The developed countries are still developed and their citizens will fight back.


Are you really sitting here and telling me that people merely being brought out of destitution is progress? We have far different views on progress.


I am not entirely sure if you are trolling. People being brought out of destitution is progress, absolutely.

It's the very first and most important step of progress. If people don't have enough to eat, even their brain won't develop properly. The lower layers of Maslow hierarchy are absolutely essential.

After that, more progress is needed, but having food, essential health and physical security is definitely the fundamental thing for any other types of progress, such as education.


Is it possible for everyone’s wealth to increase? I think they might be assuming this is not possible and there if richest wealth increases by this much it had to come from the rest?


Yes it is possible for everyone's wealth to increase.

In the year 1900 Global GDP was 1 Trillion. Today it is 77 Trillion.

https://en.wikipedia.org/wiki/Gross_world_product

In Layman's the Global Pie is growing. The number of people living in extreme poverty has fallen DRASTICALLY over the last 25 years. https://twitter.com/humanprogress/status/913901718823489538

So the people with the smallest piece of the pie are slowly getting a larger piece, but the people who already have the biggest piece of pie are getting even bigger pieces faster. But because the pie is growing, it doesn't mean that their larger piece is making someone else get a smaller piece.

The only people who have a proportionally smaller piece than they used to are in the middle class. Which is what happens when first world work more closely with developing nations. Taking more people out of extreme poverty but putting slight downward pressure on the middle class.


> The number of people living in extreme poverty has fallen DRASTICALLY over the last 25 years.

This is defined as people living on less than a dollar a day. Yes, it has more than halved in 30 years. Congratulations. I totally see how this progress actually over half a century relates to the world's richest getting an extra trillion in one year. Yep, makes sense to me.


The "dollar" has been adjusted over time, though, and is currently actually USD 1.90.

Your tone sounds sarcastic but I don't see the justification for it. The number of people who are actually hungry and malnourished has gone down significantly, and far more people are vaccinated today then 25 years ago, and far more children can go to school and literacy rates are up.


Sorry to hijack this, but referring to your other comment, I also saw weird stuff going on today with posts getting flagged. Seems the bots and trolls have found our corner of the internet as well... Not sure what's going on exactly.


Even if it did increase, most of that increase is just inflation anyway. And it's usually the wealthy that benefit from inflation (at least more than regular people do).


Compare the "regular" person of today to the "regular" person of 50 years ago.

Is it easier or harder to afford basic foodstuffs? Do they eat out (luxury) more or less? If they own a home, is it larger or the same size? Who travels more? Who has better healthcare? Who spends more on entertainment? How much do they spend on the family pet? Who spent more time furthering their education?
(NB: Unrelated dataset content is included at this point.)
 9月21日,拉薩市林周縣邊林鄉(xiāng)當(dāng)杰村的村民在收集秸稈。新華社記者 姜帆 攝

All of these are measures of wealth, and the modern "regular" person would be wealthier in every one of these categories. And that's not even factoring in advances in technology that make the quality of life of a person better even if there share of societal wealth goes down.
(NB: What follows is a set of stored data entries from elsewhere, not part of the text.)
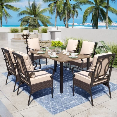 [CAPTIVA DESIGNS] Upgrade your outdoor dining with our 7pc Patio Dining Set, which features a premium metal frame and wood-like tabletop with a 1.57″ umbrella hole. The table offers a rustic look with a durable faux woodgrain finish, a slat tabletop with a steel reinforcement ring beneath its edges.These 360-degree swivel chairs feature thick seat cushions and waist pillows for ultimate comfort, curved armrests for style and ergonomic support, and a sturdy triangle base with three steel bottom brackets for a comfortably cozy seating experience. Crafted from E-coating and powder-coated steel frame, this durable set seamlessly blends style, function and durability, making it the perfect choice for your outdoor dining needs.
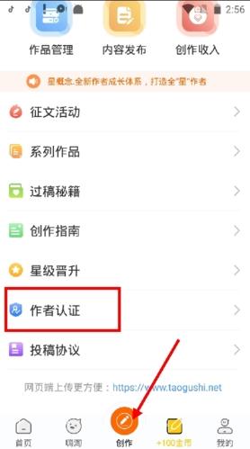 1、进入淘故事后,首先点击下方的“创作”,将页面下滑,点击“作者认证”;
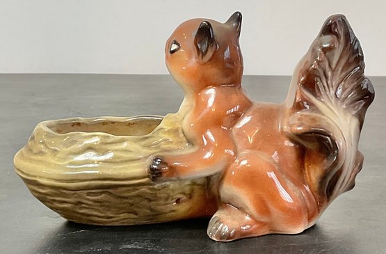 Vintage Squirrel Ceramic Planter - no chips - 4.5” tall x 7.75” long x 3” wide - good used condition

House prices less affordable than 50 years ago: http://news.bbc.co.uk/2/hi/business/8468605.stm


This is very shortsighted-claiming that all of these trends have to do with being richer, is simply absurd. Also, "regular" person? What age? Male? Female? What does that even mean? This is just utter nonsense. But I will humor you:

> Is it easier or harder to afford basic foodstuffs?

Processed foods are far easier to afford, but they are extremely unhealthy. As for other basics, many have gone up over the last 50 years.

> Do they eat out (luxury) more or less?

Women now work. 50 years ago they did not. Less time/people to cook at home. Not like everyone is eating at steakhouses. They just don't have the time so they go to Chipotle or McDonalds or Panera.

> If they own a home, is it larger or the same size?

Most people own legacy homes-they are the same size because they are the same homes. New builds are building bigger houses but what "regular" person builds new homes?

> Who has better healthcare?

This has more to do with advancements in medicine and technology than people becoming richer.

> Who spends more on entertainment? How much do they spend on the family pet? Who spent more time furthering their education?

Furthering education is largely on credit, so this is a bad measure.

> and the modern "regular" person would be wealthier in every one of these categories.

Nope.


> This has more to do with advancements in medicine and technology than people becoming richer.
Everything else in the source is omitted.